构建与重症急性胰腺炎(SAP)患者住院时间延长相关的危险因素,并建立评估这些风险的预测模型。
回顾性选取2015年1月至2023年12月在河北省沧州中西医结合医院急诊科住院的SAP患者作为研究对象。以住院时间的75%作为截断点,将患者分为正常组和延长组。收集患者的临床指标,采用多因素Logistic回归分析SAP患者住院时间延长的独立危险因素。建立预测模型并绘制列线图。采用受试者工作特征曲线(ROC曲线)评估预测模型的效能。使用Hosmer-Lemeshow拟合优度检验评估模型的准确性。采用决策曲线分析(DCA)评估模型的临床适用性。最后,采用Bootstrap法对模型进行内部验证。
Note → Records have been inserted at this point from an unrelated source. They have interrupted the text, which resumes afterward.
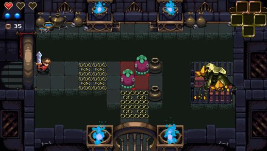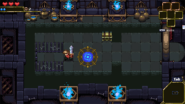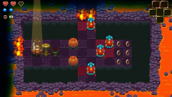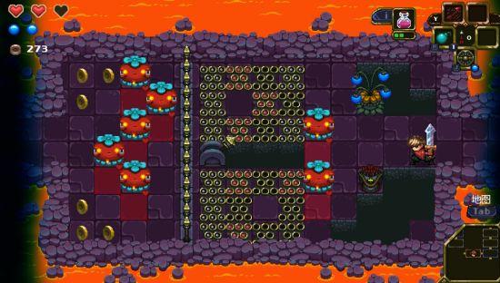 虽然你是勇者,但是你的装备库很简单,魔法剑、精弓、良盾。以及可以放置的炸弹、可以不受坠落伤害的药水。你也没有什么花哨的技能树或复杂的连招,战斗更侧重于对敌人攻击模式的观察、时机的把握和地形的利用。比如说那个爆炸南瓜,你需要精确计算引爆距离,避免自己被炸到;对付大范围喷毒的酸性史莱姆,则要小心避开它的杀伤范围。多数小怪都可以直接一击毙命,你只需要把握好时机就行了,或者有些难缠的怪,直接用弓箭远程击杀就好了,但是要注意箭矢是很宝贵的喔,两根用完就只能等在特定关卡中刷新了。
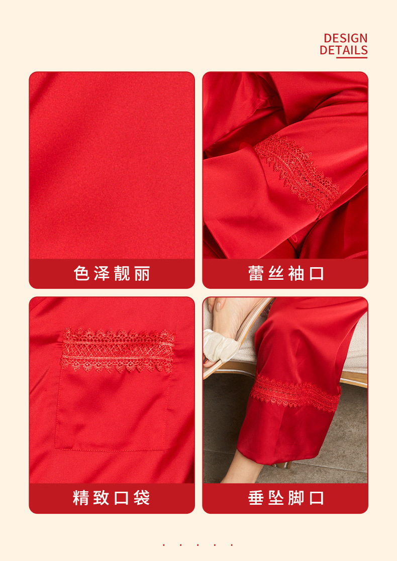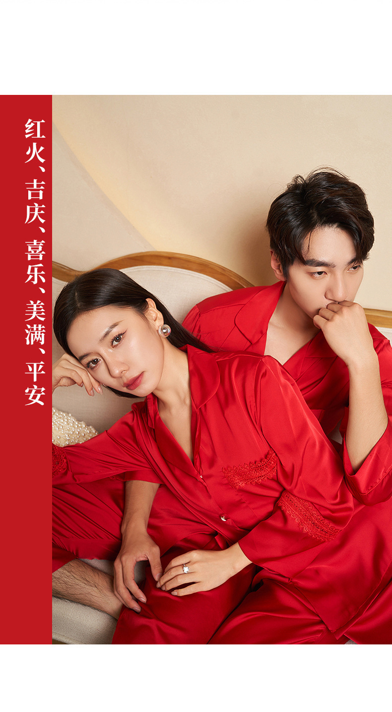 커플 잠옷 봄 아이스 실크 레이스 스티치 웨딩 세트 고급스러운 결혼 축하 홈웨어 라이트 럭셔리스토어 가기
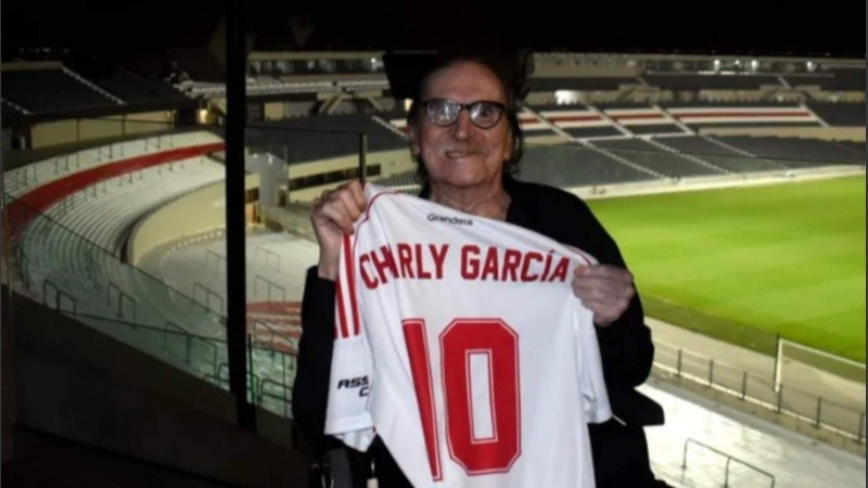 “El maestro en casa” escribió el Millonario en sus redes sociales, compartiendo una imagen de la visita de Charly al estadio. En la imagen de lo ve al músico sonriendo, con una camiseta en sus manos que lleva estampado el número 10 y su nombre y apellido.
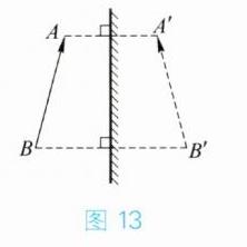 13. 请利用平面镜成像的特点,在图 3 - 39 中画出 AB 在平面镜中的像。
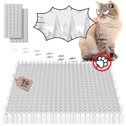 ohlela 16 Pack Upgraded Scat Mat For Cats - 16 x 13 Inch Cat Spike Mat with 1 Inch Spike is an Useful Cat Repellent Indoor & Outdoor Mat to Deter Cats & Dogs. Cat Deterrent Indoor 23sqft Area Coverage
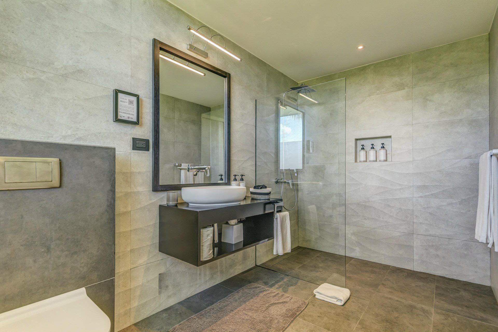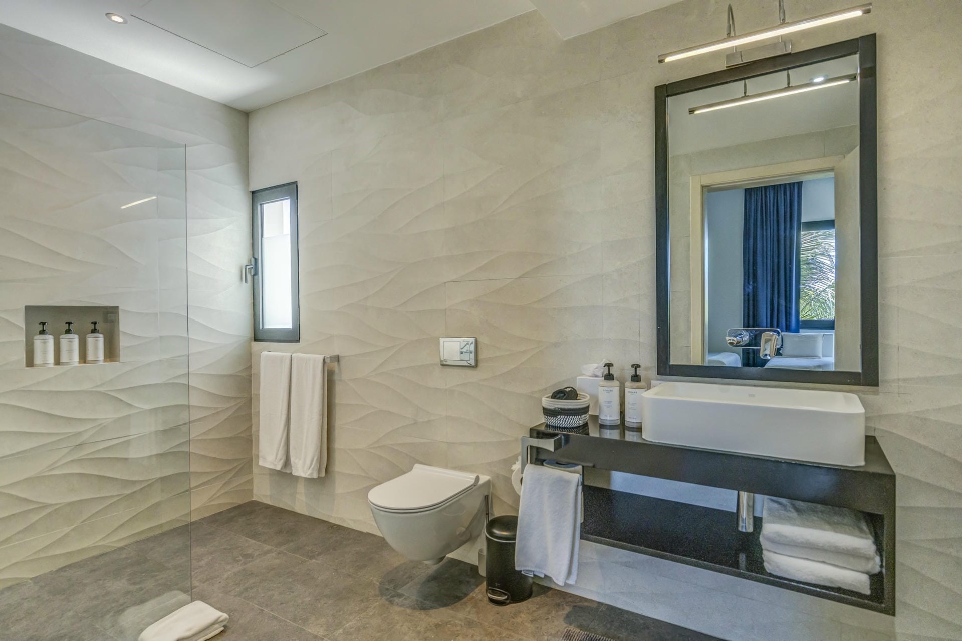 Bedroom 1 (Master) – king-size bed, walk-in wardrobe, en-suite bathroom with shower, and private terrace

共纳入510例SAP患者,住院时间为18(6,44)天,其中正常组(<24天)400例,延长组(≥24天)110例。多因素Logistic回归分析显示,腹腔积液[比值比(OR)=4.163,95%置信区间(95%CI)为2.105 - 8.234]、急性生理与慢性健康状况评分系统II(APACHE II;OR = 1.320,95%CI为1.185 - 1.470)、C反应蛋白(CRP;OR = 1.006,95%CI为1.002 - 1.011)、改良CT严重程度指数(MCTSI;OR = 1.461,95%CI为1.213 - 1.758)、降钙素原(PCT;OR = 1.303,95%CI为1.095 - 1.550)和白蛋白(OR = 0.510,95%CI为0.419 - 0.622)是SAP患者住院时间延长的独立危险因素(均P < 0.01)。ROC曲线分析显示,模型的曲线下面积(AUC)为0.922(95%CI为0.896 - 0.947),最佳截断值为0.726,灵敏度为87.3%,特异度为85.3%。Hosmer-Lemeshow检验显示χ² = 5.79,P = 0.671。表明预测模型具有良好的预测效能和拟合度。DCA曲线显示,模型的预测概率在0.1至0.7时可为患者带来更多临床益处。Bootstrap内部验证显示,模型具有较高的一致性(AUC = 0.916)。
腹腔积液、高APACHE II评分、高CRP、高MCTSI、高PCT和低白蛋白水平与SAP患者住院时间延长显著相关。该预测模型有助于临床医生为SAP患者做出更科学的临床决策。